WHAT THIS TASK INVOLVES. What are the lines from the top of the entries through the one with "其中一个 AI 代理 Deep"? Write them out exactly, with no pictures.

RECORDS PROVIDED Block Start

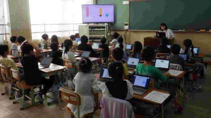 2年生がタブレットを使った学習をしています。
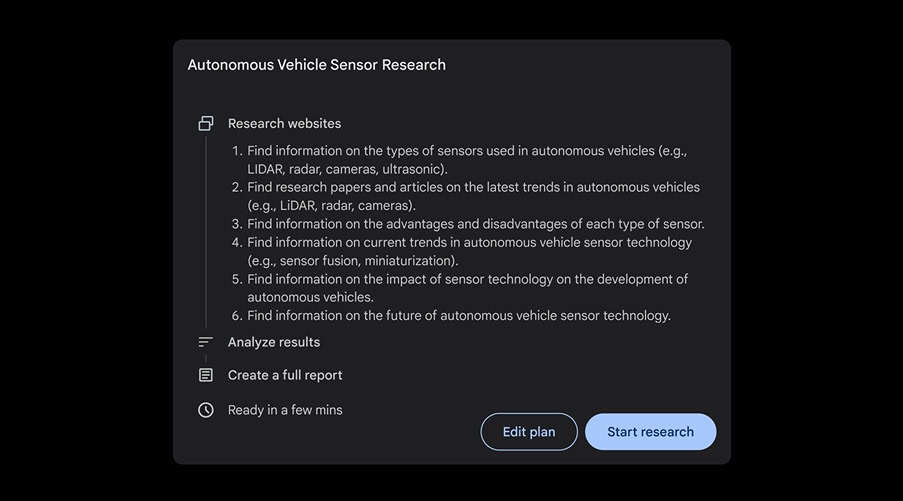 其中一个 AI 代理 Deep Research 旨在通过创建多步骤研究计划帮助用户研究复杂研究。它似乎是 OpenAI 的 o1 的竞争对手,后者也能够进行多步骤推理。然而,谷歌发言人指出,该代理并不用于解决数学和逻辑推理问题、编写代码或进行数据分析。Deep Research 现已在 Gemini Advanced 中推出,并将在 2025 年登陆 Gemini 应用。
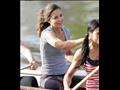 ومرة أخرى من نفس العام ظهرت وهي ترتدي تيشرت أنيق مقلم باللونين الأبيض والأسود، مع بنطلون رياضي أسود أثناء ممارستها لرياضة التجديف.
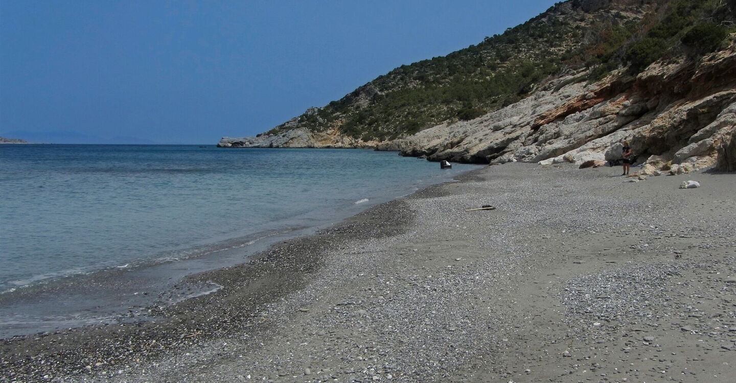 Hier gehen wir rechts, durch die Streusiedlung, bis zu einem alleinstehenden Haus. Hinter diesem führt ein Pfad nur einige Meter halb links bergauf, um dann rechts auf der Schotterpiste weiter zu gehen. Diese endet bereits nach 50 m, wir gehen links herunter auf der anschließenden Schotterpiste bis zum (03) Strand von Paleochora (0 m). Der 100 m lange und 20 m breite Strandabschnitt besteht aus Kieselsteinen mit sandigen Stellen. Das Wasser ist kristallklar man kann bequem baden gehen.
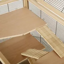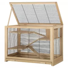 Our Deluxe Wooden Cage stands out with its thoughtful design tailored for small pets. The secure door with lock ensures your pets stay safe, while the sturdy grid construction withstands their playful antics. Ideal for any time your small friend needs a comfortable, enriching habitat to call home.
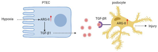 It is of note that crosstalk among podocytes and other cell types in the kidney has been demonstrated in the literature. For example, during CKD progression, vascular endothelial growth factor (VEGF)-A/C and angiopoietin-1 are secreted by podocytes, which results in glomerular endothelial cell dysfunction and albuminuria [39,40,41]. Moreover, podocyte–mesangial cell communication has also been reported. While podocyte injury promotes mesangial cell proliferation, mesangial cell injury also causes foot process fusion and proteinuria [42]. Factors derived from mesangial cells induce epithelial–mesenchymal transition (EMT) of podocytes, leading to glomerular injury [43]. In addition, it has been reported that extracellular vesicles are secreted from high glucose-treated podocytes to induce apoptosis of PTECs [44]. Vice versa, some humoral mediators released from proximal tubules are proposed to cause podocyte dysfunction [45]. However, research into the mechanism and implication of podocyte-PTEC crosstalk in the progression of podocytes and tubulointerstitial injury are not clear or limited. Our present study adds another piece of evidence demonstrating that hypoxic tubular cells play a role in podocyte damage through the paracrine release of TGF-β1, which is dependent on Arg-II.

RECORDS PROVIDED Block End

SOLUTION TO THIS TASK.
 2年生がタブレットを使った学習をしています。
 其中一个 AI 代理 Deep Research 旨在通过创建多步骤研究计划帮助用户研究复杂研究。它似乎是 OpenAI 的 o1 的竞争对手,后者也能够进行多步骤推理。然而,谷歌发言人指出,该代理并不用于解决数学和逻辑推理问题、编写代码或进行数据分析。Deep Research 现已在 Gemini Advanced 中推出,并将在 2025 年登陆 Gemini 应用。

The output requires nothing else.